YOUR INSTRUCTIONS - Write every line of the material again exactly, with no pictures in the copy.

DATA -
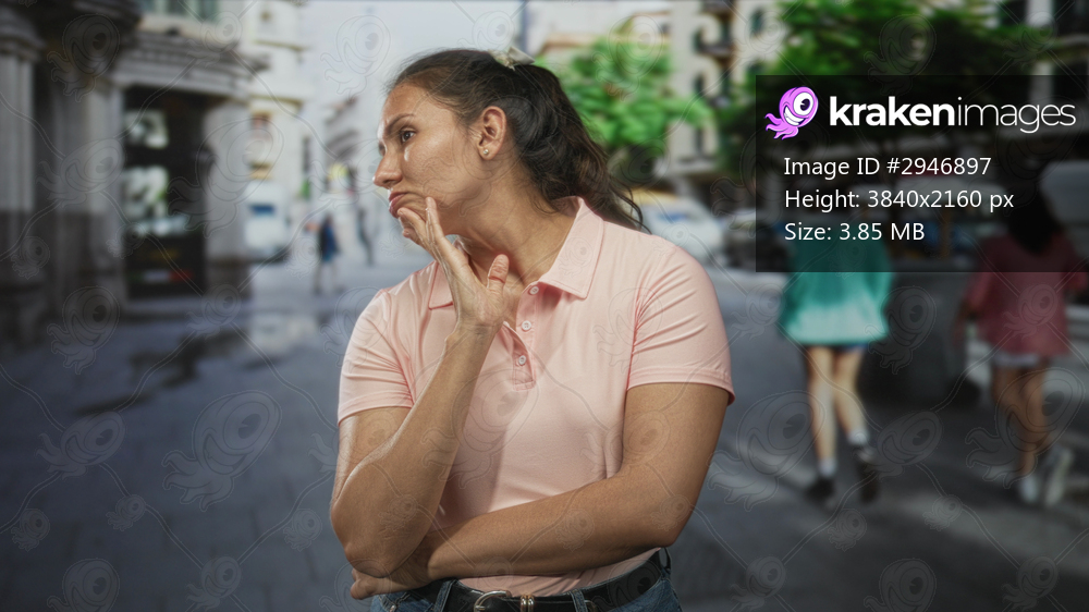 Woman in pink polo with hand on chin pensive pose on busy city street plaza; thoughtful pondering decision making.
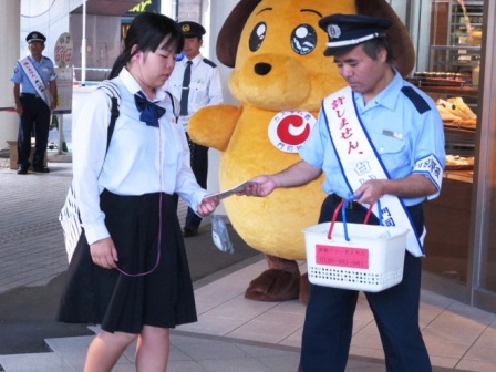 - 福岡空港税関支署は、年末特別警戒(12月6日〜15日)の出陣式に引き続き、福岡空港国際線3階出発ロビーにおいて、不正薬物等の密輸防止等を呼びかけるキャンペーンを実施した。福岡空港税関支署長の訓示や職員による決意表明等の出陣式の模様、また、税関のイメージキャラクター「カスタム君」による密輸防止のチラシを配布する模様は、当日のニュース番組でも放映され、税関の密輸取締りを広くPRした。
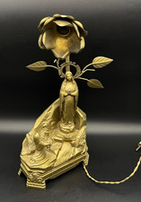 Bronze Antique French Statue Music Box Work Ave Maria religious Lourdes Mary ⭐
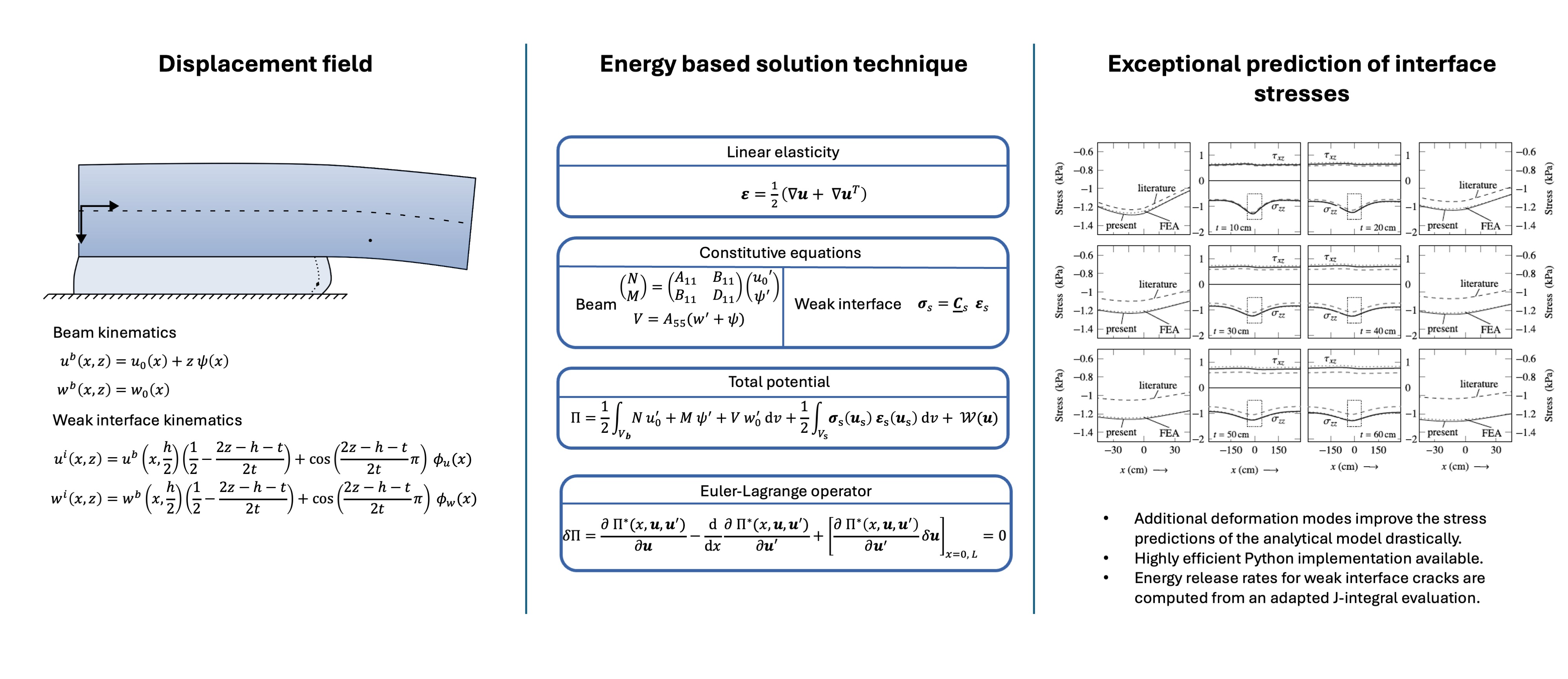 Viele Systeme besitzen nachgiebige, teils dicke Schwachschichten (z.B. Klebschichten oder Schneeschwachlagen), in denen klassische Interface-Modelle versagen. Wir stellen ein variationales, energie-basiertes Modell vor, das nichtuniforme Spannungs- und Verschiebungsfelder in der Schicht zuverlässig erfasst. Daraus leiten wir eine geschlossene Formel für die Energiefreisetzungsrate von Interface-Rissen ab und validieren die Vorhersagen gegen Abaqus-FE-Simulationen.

ANSWER BOX -
 Woman in pink polo with hand on chin pensive pose on busy city street plaza; thoughtful pondering decision making.
 - 福岡空港税関支署は、年末特別警戒(12月6日〜15日)の出陣式に引き続き、福岡空港国際線3階出発ロビーにおいて、不正薬物等の密輸防止等を呼びかけるキャンペーンを実施した。福岡空港税関支署長の訓示や職員による決意表明等の出陣式の模様、また、税関のイメージキャラクター「カスタム君」による密輸防止のチラシを配布する模様は、当日のニュース番組でも放映され、税関の密輸取締りを広くPRした。
 Bronze Antique French Statue Music Box Work Ave Maria religious Lourdes Mary ⭐
 Viele Systeme besitzen nachgiebige, teils dicke Schwachschichten (z.B. Klebschichten oder Schneeschwachlagen), in denen klassische Interface-Modelle versagen. Wir stellen ein variationales, energie-basiertes Modell vor, das nichtuniforme Spannungs- und Verschiebungsfelder in der Schicht zuverlässig erfasst. Daraus leiten wir eine geschlossene Formel für die Energiefreisetzungsrate von Interface-Rissen ab und validieren die Vorhersagen gegen Abaqus-FE-Simulationen.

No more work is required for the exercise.